# Crit cornering techniques



## marimba_artist (Dec 10, 2001)

I only have a little bit of experience racing crits. I know there are three ways to take corners at speed:
(1) lean the bike (not your body)
(2) lean your body (not the bike)
(3) lean both your body and the bike
My question is, when are the appropriate times to use each cornering technique? or does it not really matter and is only personal preference? thanks for any advice.


----------



## TurboTurtle (Feb 4, 2004)

marimba_artist said:


> I only have a little bit of experience racing crits. I know there are three ways to take corners at speed:
> (1) lean the bike (not your body)
> (2) lean your body (not the bike)
> (3) lean both your body and the bike
> My question is, when are the appropriate times to use each cornering technique? or does it not really matter and is only personal preference? thanks for any advice.


In normal conditions, lean both equally like the picture below. If you were to watch this rider you would actually see him lift the bike on the inside pedal stroke if he is pedaling through the corner. If it's slippery (wet), I like to keep the bike more upright and lean the body.

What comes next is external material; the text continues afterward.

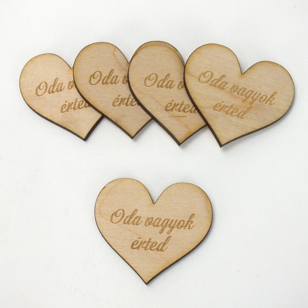 Natúr fa - " Oda vagyok érted" gravírozott szív 4x4,5cm 5db/csomag – valentin napi ajándékhoz és romantikus dekorációhoz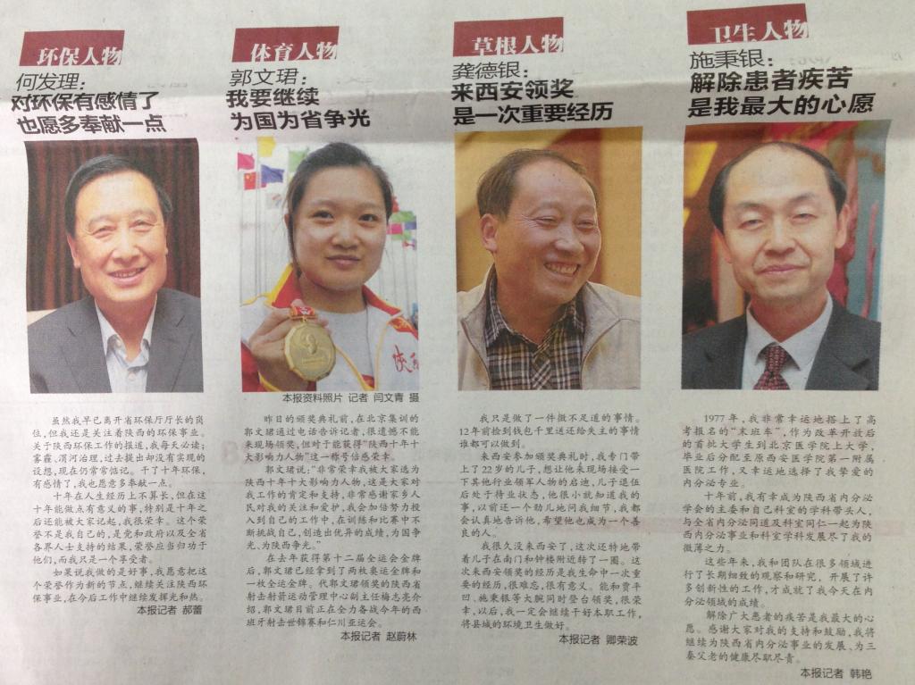 此次评选活动由华商报和华商网组织,数万名读者与网友积极参与,推荐他们心目中影响陕西十年的十大影响力人物。最终,列入科技、文化、经济、法治、教育、公益、环保、体育、草根、卫生十个领域的38名候选人,经专家评审团初评、复评,结合华商网活动专题页面、华商报官方微博、微信及新闻热线等方式的推荐和投票,最终评选出“陕西十年十大影响力人物”。印建安1982年毕业于回馈母校最新风机专业,现任陕西省鼓风机(集团)有限公司党委书记、董事长,全国劳动模范。郭文珺现为西安交大公共政策与管理学院劳动与社会保障专业本科生。

BTW - See those bricks in the picture? They don't qualify as "normal."

TF


----------



## vonteity (Feb 13, 2005)

*Holy CRAP!*



TurboTurtle said:


> In normal conditions, lean both equally like the picture below. If you were to watch this rider you would actually see him lift the bike on the inside pedal stroke if he is pedaling through the corner. If it's slippery (wet), I like to keep the bike more upright and lean the body.
> 
> BTW - See those bricks in the picture? They don't qualify as "normal."
> 
> TF


Is that Hincapie? Mother of mercy... I wish I could corner like that.

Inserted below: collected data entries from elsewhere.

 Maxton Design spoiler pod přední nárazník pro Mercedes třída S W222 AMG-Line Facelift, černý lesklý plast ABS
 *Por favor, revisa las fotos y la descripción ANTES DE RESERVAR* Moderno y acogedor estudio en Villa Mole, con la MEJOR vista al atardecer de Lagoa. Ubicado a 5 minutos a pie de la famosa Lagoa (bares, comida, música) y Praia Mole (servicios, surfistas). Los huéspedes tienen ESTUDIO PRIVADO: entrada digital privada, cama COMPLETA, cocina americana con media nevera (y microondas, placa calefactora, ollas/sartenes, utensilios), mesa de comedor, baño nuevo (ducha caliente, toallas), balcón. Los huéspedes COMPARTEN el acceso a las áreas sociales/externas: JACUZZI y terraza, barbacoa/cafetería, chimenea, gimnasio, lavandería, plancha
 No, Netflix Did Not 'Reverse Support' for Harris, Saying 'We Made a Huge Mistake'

For the novice who doesn't have this type of control...

1) scrub speed before you reach the corner
2) point your knee into the corner (or press your knee against the TT)
3) outside leg down (6 o'clock), weight on your outside leg
4) pull up on your outside handlebar (or push down on your inside)
5) look where you want to go
.. and you'll glide right through that corner.

Works for me... but I can't corner like _that_ ... yet.

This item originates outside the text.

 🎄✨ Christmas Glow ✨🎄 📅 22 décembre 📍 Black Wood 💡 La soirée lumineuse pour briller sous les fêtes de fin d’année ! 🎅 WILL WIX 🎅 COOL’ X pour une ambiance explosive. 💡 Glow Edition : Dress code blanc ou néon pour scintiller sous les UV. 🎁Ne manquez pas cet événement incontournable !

Oh and... try not to corner when it's wet.


----------



## benInMA (Jan 22, 2004)

Yowsers...

You got that on video? If not I say that is a perfectly timed picture right before the rider lost some skin.

Road bikes only lean so far, that looks to be beyond what the bike can handle.


----------



## MikeCee (Feb 9, 2005)

*I'm pretty sure...*

that's Robbie Ventura, crit specialist extroardinaire. (Recently retired). I bet he made it.


----------



## Keeping up with Junior (Feb 27, 2003)

*Float*

Wonder what pedals he is using to have his left heel kicked out so far. Looks to me like he is clipping out. Maybe he is going to drag is foot like the motorcycle riders do. Don't the motorcycle riders have steel soled shoes for that? Quite an impressive picture.


----------



## TurboTurtle (Feb 4, 2004)

MikeCee said:


> that's Robbie Ventura, crit specialist extroardinaire. (Recently retired). I bet he made it.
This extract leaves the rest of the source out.